WHAT YOU NEED TO DO
Each line of the data must be given back verbatim, with pictures removed.

THE DATA

((

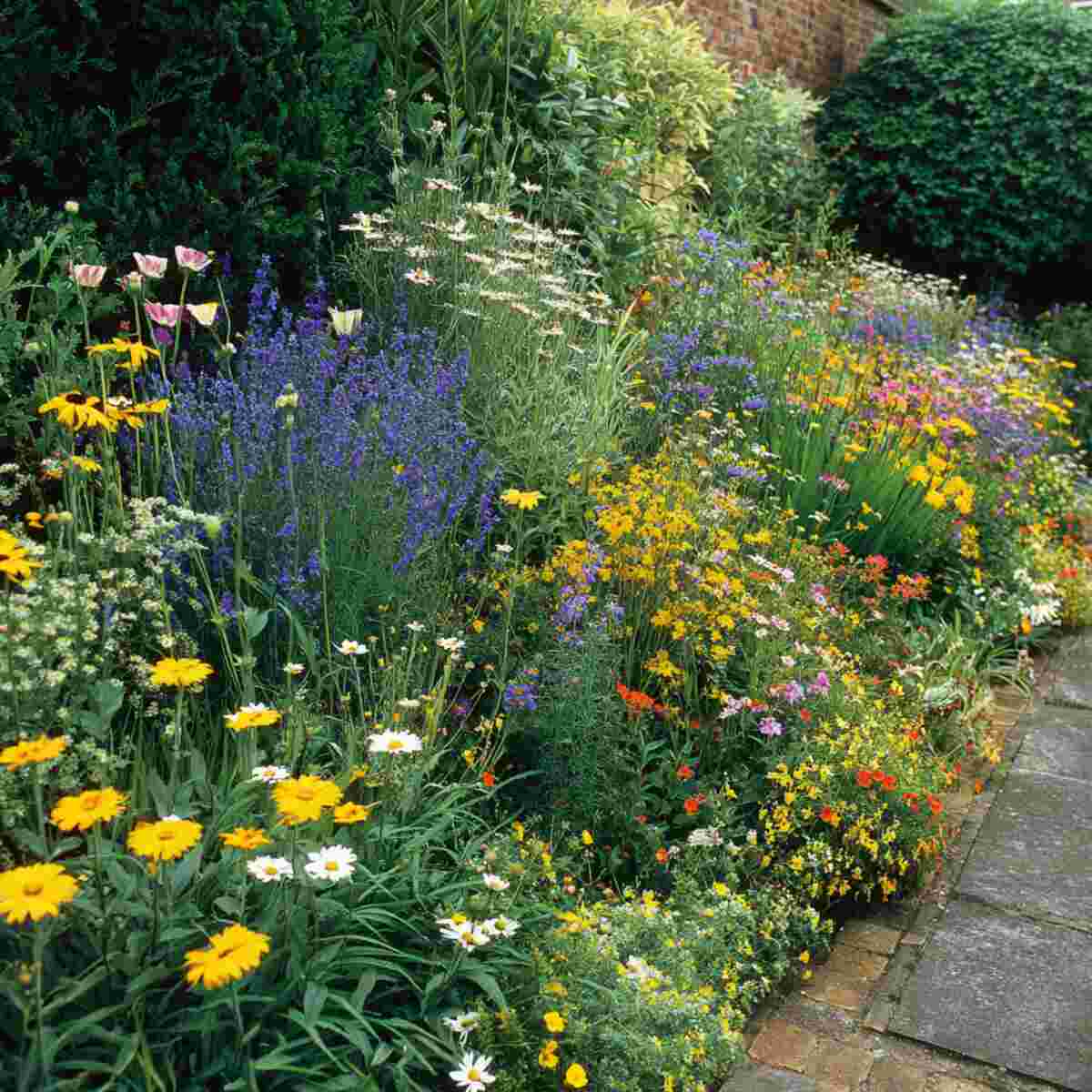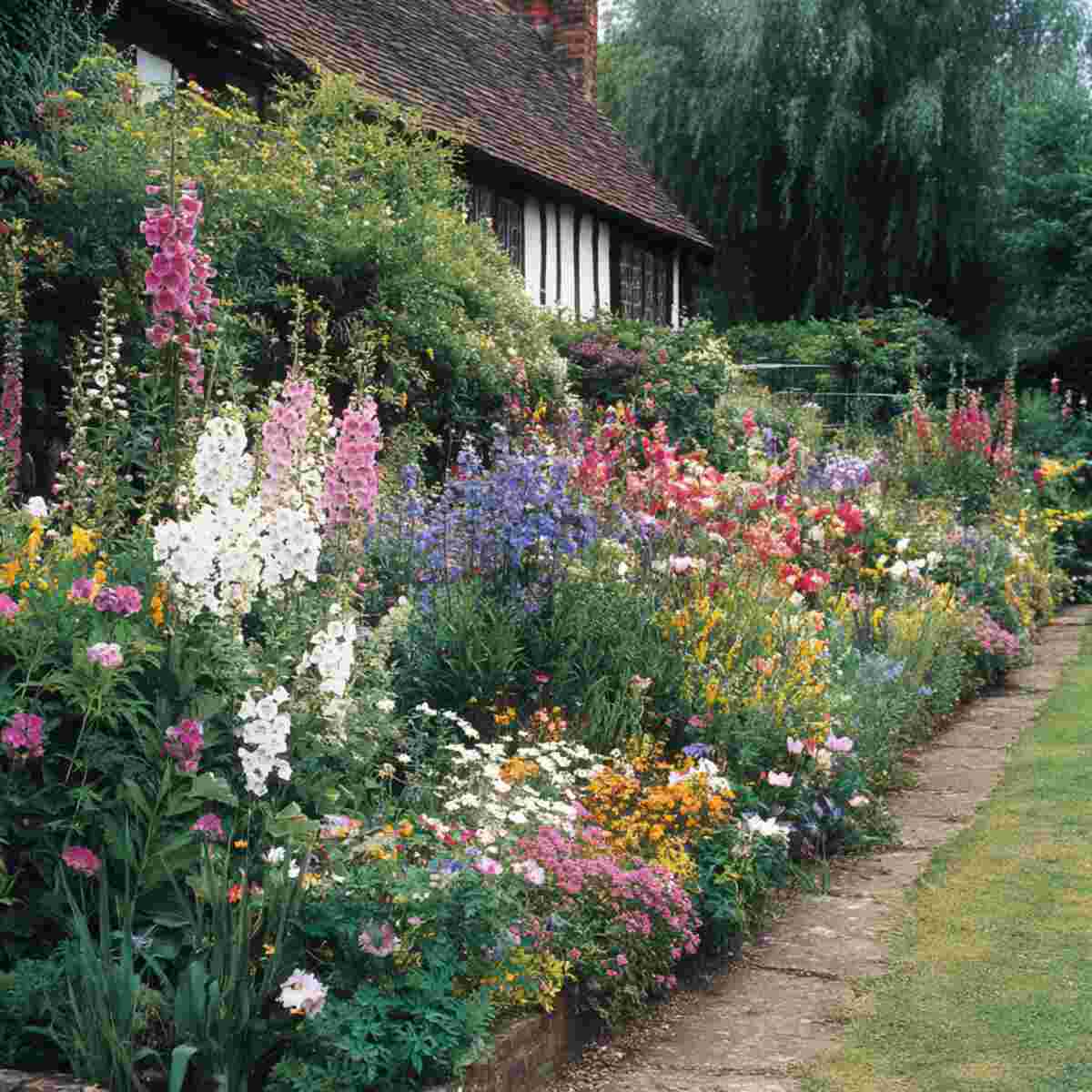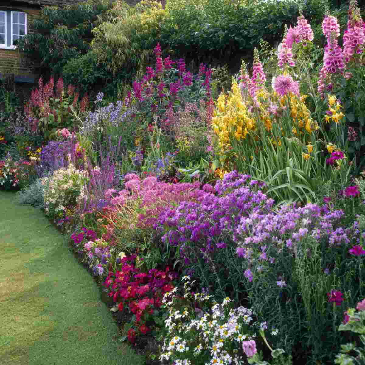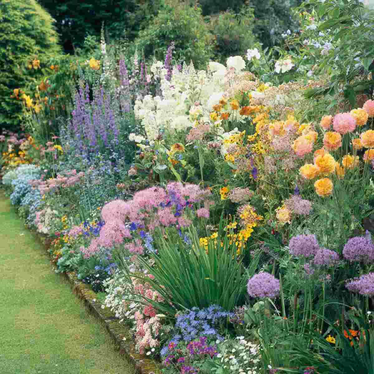 A cottage garden border is full of charming, mixed flowers designed to be informal but productive.
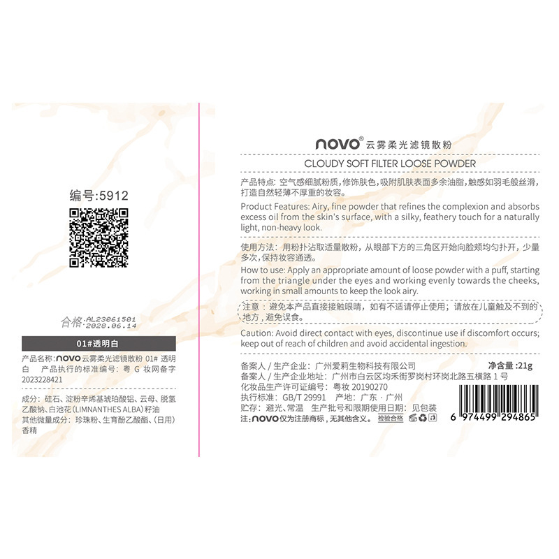 | nameOriginal | NOVO cloud mist soft light filter loose powder makeup powder oil control concealer waterproof sweat-proof non-makeup student party honey cake |
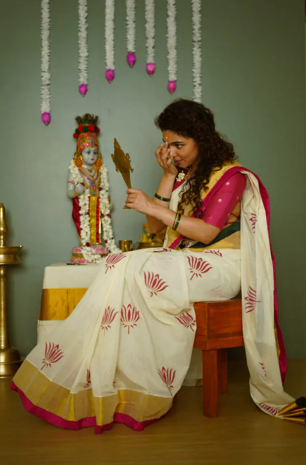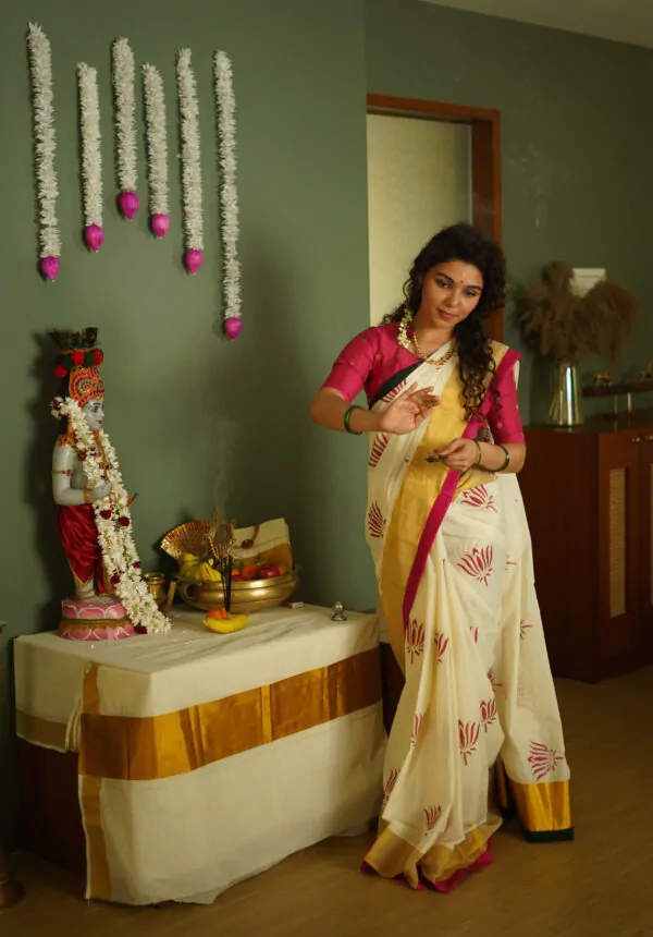 The word kurumbi means the one who is mischievous. Even though we age through time there will always be a little place in our hearts where we yearn to bring out the mischievous side in us, to be mischievous as a child. This Onam Vasah launches its handmade and block printed saree series, Kurumbi. A series solely for the child in you.
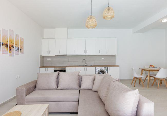 Im Erdgeschoss konzipiert, bietet die Villa eine helle, offene Raumaufteilung mit einem geräumigen Wohnbereich. Entspannen Sie sich auf dem großen Ecksofa oder genießen Sie eine Mahlzeit am Esstisch, während Sie den Blick auf den privaten Pool und das Meer dahinter schweifen lassen. Ein 55-Zoll-Fernseher mit Netflix-Abonnement sorgt nach einem Tag voller Erkundungen für gemütliche Unterhaltung.

))

ANSWER TO THIS TASK
 A cottage garden border is full of charming, mixed flowers designed to be informal but productive.
 | nameOriginal | NOVO cloud mist soft light filter loose powder makeup powder oil control concealer waterproof sweat-proof non-makeup student party honey cake |
 The word kurumbi means the one who is mischievous. Even though we age through time there will always be a little place in our hearts where we yearn to bring out the mischievous side in us, to be mischievous as a child. This Onam Vasah launches its handmade and block printed saree series, Kurumbi. A series solely for the child in you.
 Im Erdgeschoss konzipiert, bietet die Villa eine helle, offene Raumaufteilung mit einem geräumigen Wohnbereich. Entspannen Sie sich auf dem großen Ecksofa oder genießen Sie eine Mahlzeit am Esstisch, während Sie den Blick auf den privaten Pool und das Meer dahinter schweifen lassen. Ein 55-Zoll-Fernseher mit Netflix-Abonnement sorgt nach einem Tag voller Erkundungen für gemütliche Unterhaltung.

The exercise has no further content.